Urania

Prevention of VTE in adults who have undergone elective hip or knee replacement surgery. Prevention of stroke & systemic embolism in adults w/ non-valvular atrial fibrillation (NVAF), w/ ≥1 risk factors eg, prior stroke or transient ischaemic attack (TIA); ≥75 yr; HTN; DM; symptomatic heart failure (NYHA class ≥II). Treatment of DVT & pulmonary embolism (PE), & prevention of recurrent DVT & PE in adults.

Prevention of stroke & systemic embolism in NVAF 5 mg bid. Reduce to 2.5 mg bid in NVAF patients w/ at least 2 of the following characteristics: Age ≥80 yr, body wt ≤60 kg, or serum creatinine ≥1.5 mg/dL (133 micromol/L). Patient w/ severe renal impairment (CrCl 15-29 mL/min) 2.5 mg bid. Treatment of DVT & PE 10 mg bid for the 1st 7 days followed by 5 mg bid. Max daily dose: 20 mg. Prevention of recurrent DVT & PE 2.5 mg bid, initiated following completion of 6 mth of treatment w/ 5 mg bid or w/ another anticoagulant. Patient undergoing cardioversion 5 mg bid for at least 2.5 days before cardioversion to ensure adequate anticoagulation. Initiate w/ 2.5 mg bid for at least 2.5 days if patient meets criteria for dose reduction. If cardioversion is required before administration of 5 doses, 10 mg loading dose should be given, followed by 5 mg bid. Reduce to 5 mg loading dose followed by 2.5 mg bid if patient meets criteria for dose reduction. Loading dose should be administered at least 2 hr before cardioversion.

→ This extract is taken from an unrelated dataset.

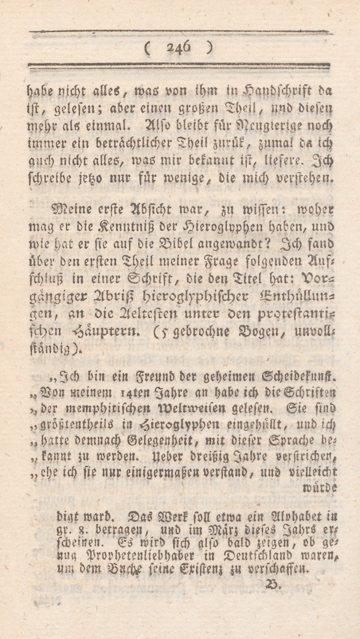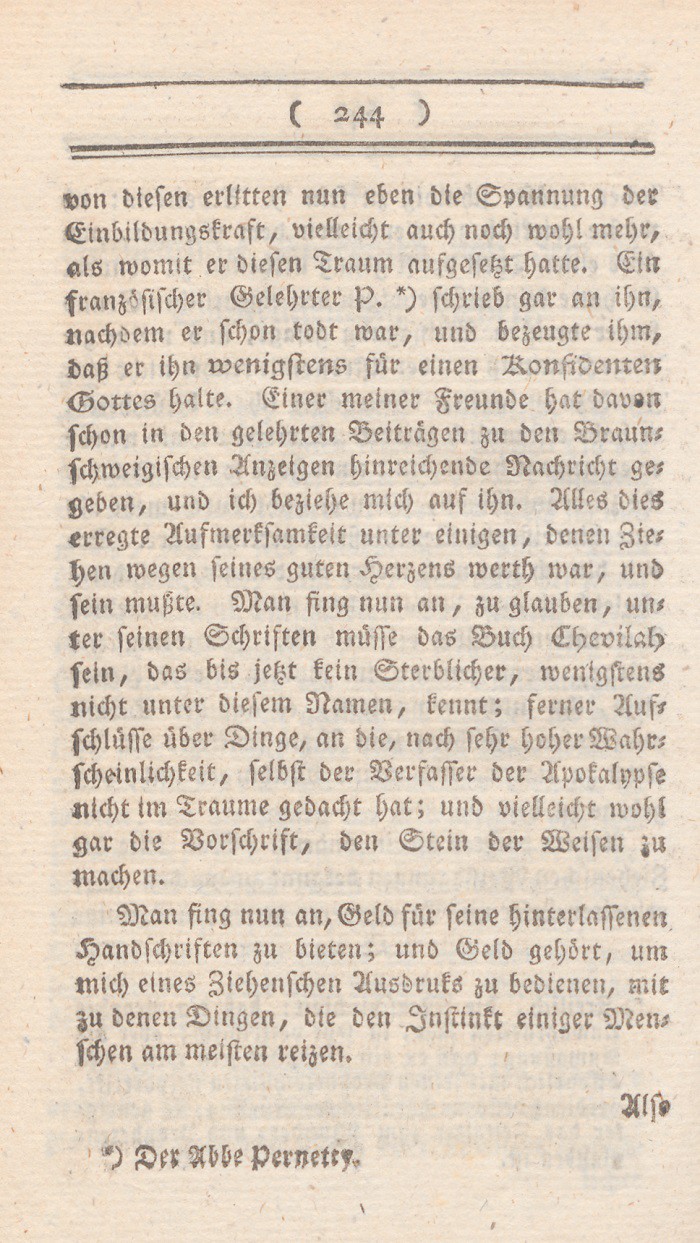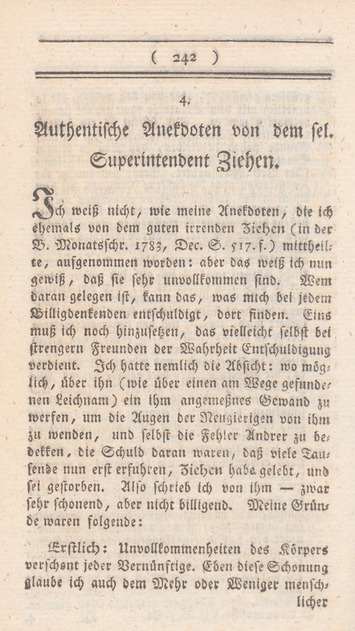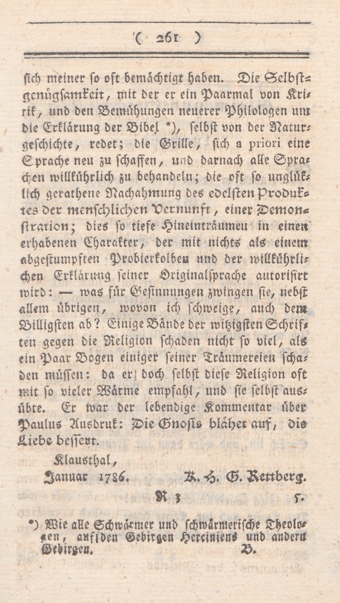 *) Denn es ist, um nur ein einziges Faktum zu nennen doch wohl nicht vernünftig, seine Frau so lange zu streichen, bis sie Visionen und Divination bekömmt? doch wohl nicht vernünftig, irgend einen Brief den man schreibt, für so wahrhaft als Gottes Wort auszugeben? Berl. Monatsschr. 1785, Novemb. S. 437 f.

May be taken with or without food: Swallow whole w/ water. Patient unable to swallow whole tab: Crush tab & suspend in water, or 5% glucose in water (G5W), or apple juice or mixed w/ apple puree & immediately administer orally. Alternatively, crush tab & suspend in 60 mL of water or G5W & immediately deliver through a nasogastric tube. Crushed tab is stable in water, G5W, apple juice, & apple puree for up to 4 hr.

Hypersensitivity. Active clinically significant bleeding. Hepatic disease associated w/ coagulopathy & clinically relevant bleeding risk. Lesion or condition if considered a significant risk factor for major bleeding including current or recent GI ulceration, presence of malignant neoplasms at high risk of bleeding, recent brain or spinal injury, recent brain, spinal or ophth surgery, recent intracranial haemorrhage, known or suspected oesophageal varices, arteriovenous malformations, vascular aneurysms or major intraspinal or intracerebral vascular abnormalities. Concomitant treatment w/ other anticoagulants eg, unfractionated heparin, LMWH (enoxaparin, dalteparin), heparin derivatives (fondaparinux), oral anticoagulants (warfarin, rivaroxaban, dabigatran) except under specific circumstances of switching anticoagulant therapy.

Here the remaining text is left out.